The government asserted that many of the highly classified documents sought by the defense were irrelevant and that Mr. Giffen's review of the top-secret information would jeopardize national security interests and place the government in an "untenable" position. The defense responded simply that Mr. Giffen believed himself to be working for the CIA and other U.S. government agencies and, therefore, is entitled to assert a public authority defense.
Oral argument in that appeal was heard on Jan. 25, 2006, and as of October 26, 2006, the 2nd Circuit had not rendered its decision.

Monday, the Special Prosecutor filed an interlocutory appeal in the Libby case under the special provisions of the Classified Information Procedures Act (CIPA) respecting the trial court's ruling on what the appropriate test is for providing Libby with classified material for his defense. As a result, a very substantial delay in resolving the case is possible.

§ 7. Interlocutory appeal

(a) An interlocutory appeal by the United States taken before or after the defendant has been placed in jeopardy shall lie to a court of appeals from a decision or order of a district court in a criminal case authorizing the disclosure of classified information, imposing sanctions for nondisclosure of classified information, or refusing a protective order sought by the United States to prevent the disclosure of classified information.

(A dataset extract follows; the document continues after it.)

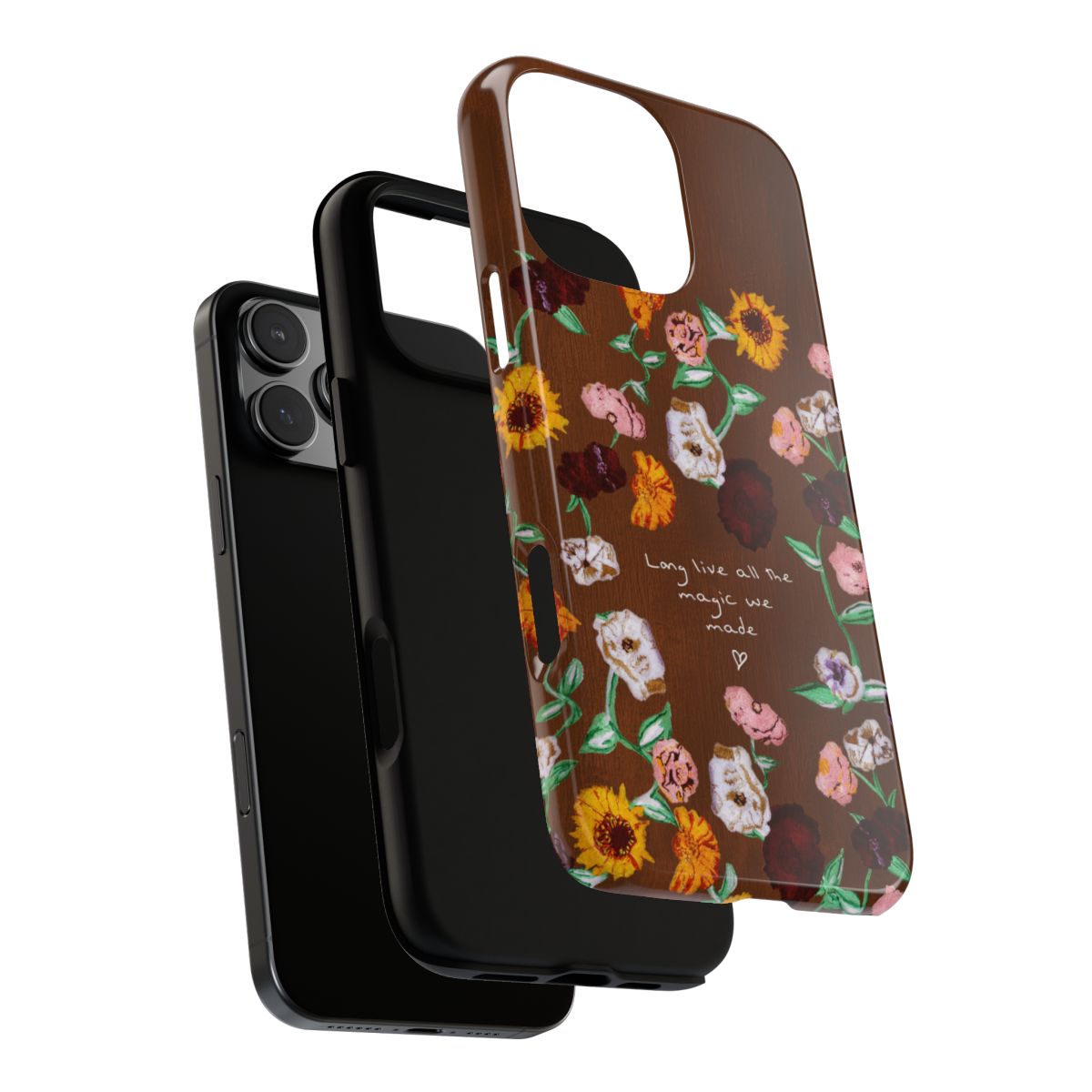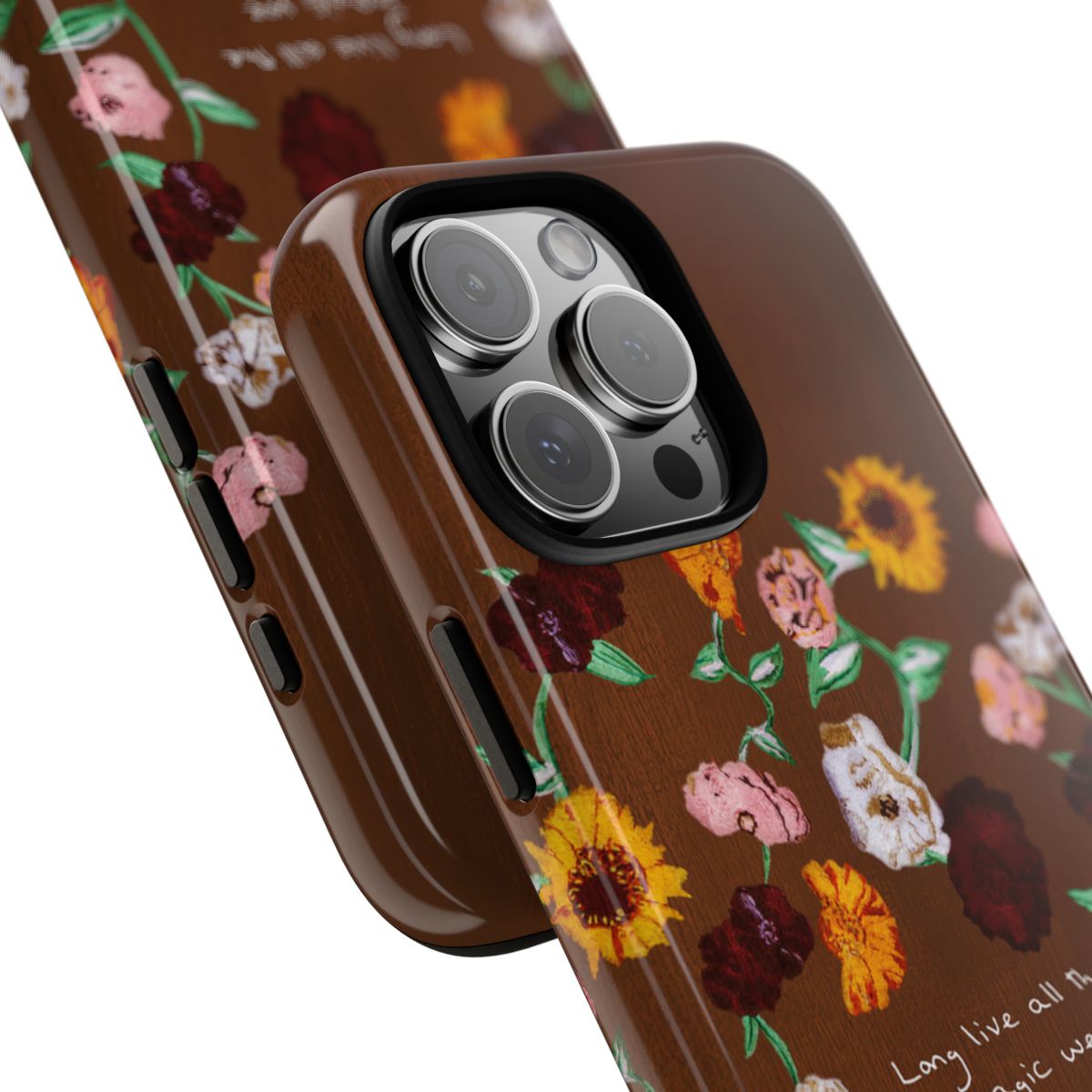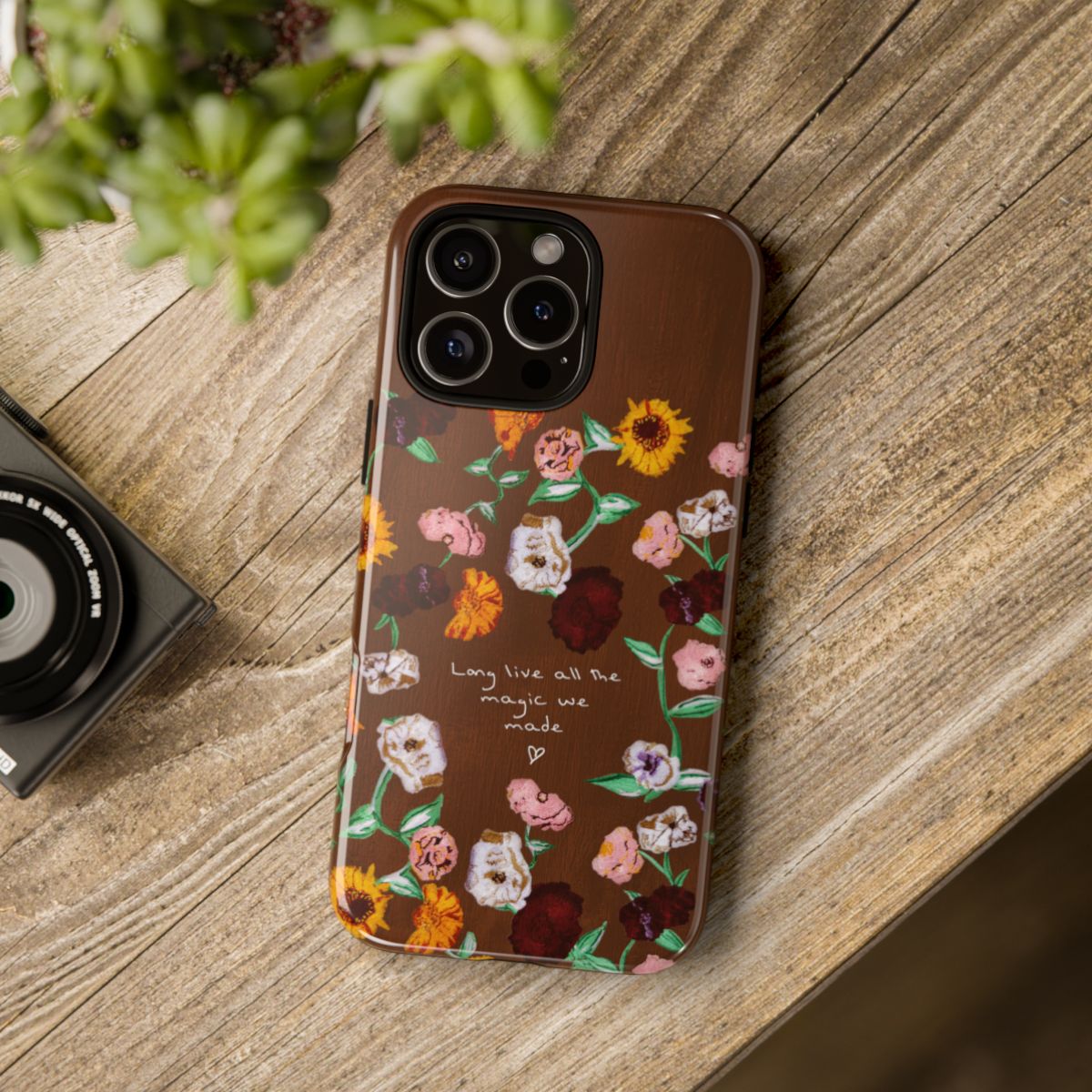 Introducing our Floral Magic Phone Case, a perfect blend of beauty and inspiration. Adorned with a picturesque array of vibrant flowers, this case brings a splash of color to your everyday life. Featuring the heartfelt quote “Long live all the magic we made,” this unique design not only protects your phone but also serves as a daily reminder of cherished memories and creativity. Crafted from durable materials, it offers excellent protection against drops and scratches while ensuring easy access to all ports. Ideal for floral lovers and those who appreciate a touch of elegance and positivity in their accessories.
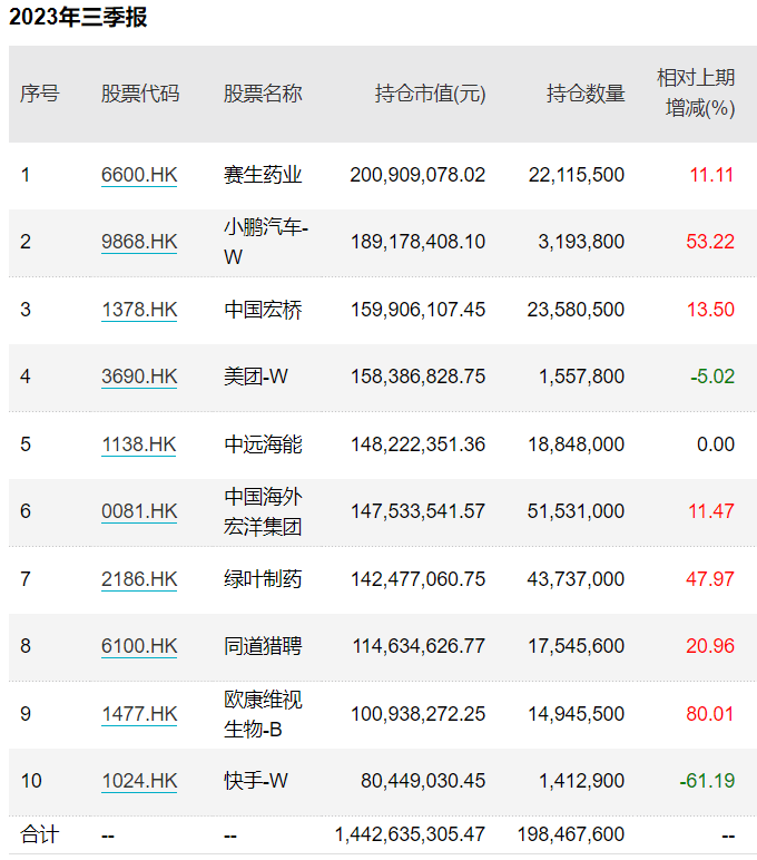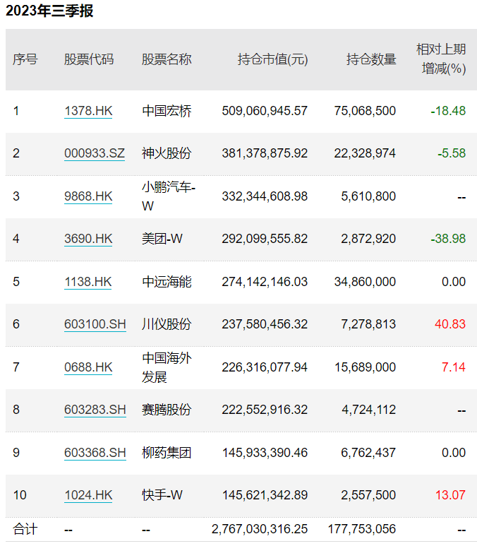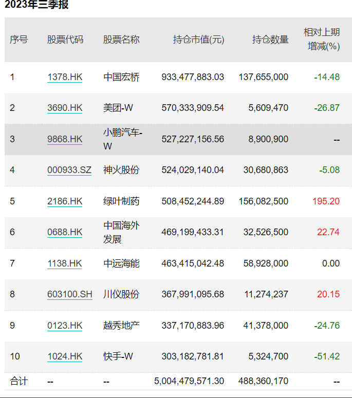 首先,来看管理时间最早的,、驰宏锌锗退出前十大,小鹏汽车-W、绿叶制药新进前十大,减持了神火股份、中国宏桥、美团-W、快手-W、越秀地产,加仓了中国海外发展、。

(b) An appeal taken pursuant to this section either before or during trial shall be expedited by the court of appeals. Prior to trial, an appeal shall be taken within ten days after the decision or order appealed from and the trial shall not commence until the appeal is resolved. If an appeal is taken during trial, the trial court shall adjourn the trial until the appeal is resolved and the court of appeals

(1) shall hear argument on such appeal within four days of the adjournment of the trial,

(2) may dispense with written briefs other than the supporting materials previously submitted to the trial court,

(3) shall render its decision within four days of argument on appeal, and
(4) may dispense with the issuance of a written opinion in rendering its decision. Such appeal and decision shall not affect the right of the defendant, in a subsequent appeal from a judgment of conviction, to claim as error reversal by the trial court on remand of a ruling appealed from during trial.
JOM commenter cboldt has been watching this development and on his own website  notes that it is possible this appeal may substantially delay the case.


The timeline for resolution of the pre-trial interlocutory appeal is indefinite, and depends in part on the workload at the Circuit Court for the District of Columbia.

In the case of James H. Giffen in the Southern District of New York, the government took an interlocutory CIPA Section 7 appeal to the 2nd Circuit on October 25, 2005.

Invoking the interlocutory appeal provision contained in §7 of CIPA, the government appealed the district court's decision. Government briefs filed with the U.S. Court of Appeals for the Second Circuit stated that prosecutors may be forced to drop the case against Mr. Giffen because of Judge Pauley's decision allowing Mr. Giffen to present a public authority defense.

The government asserted that many of the highly classified documents sought by the defense were irrelevant and that Mr. Giffen's review of the top-secret information would jeopardize national security interests and place the government in an "untenable" position. The defense responded simply that Mr. Giffen believed himself to be working for the CIA and other U.S. government agencies and, therefore, is entitled to assert a public authority defense.
Oral argument in that appeal was heard on Jan. 25, 2006, and as of October 26, 2006, the 2nd Circuit had not rendered its decision.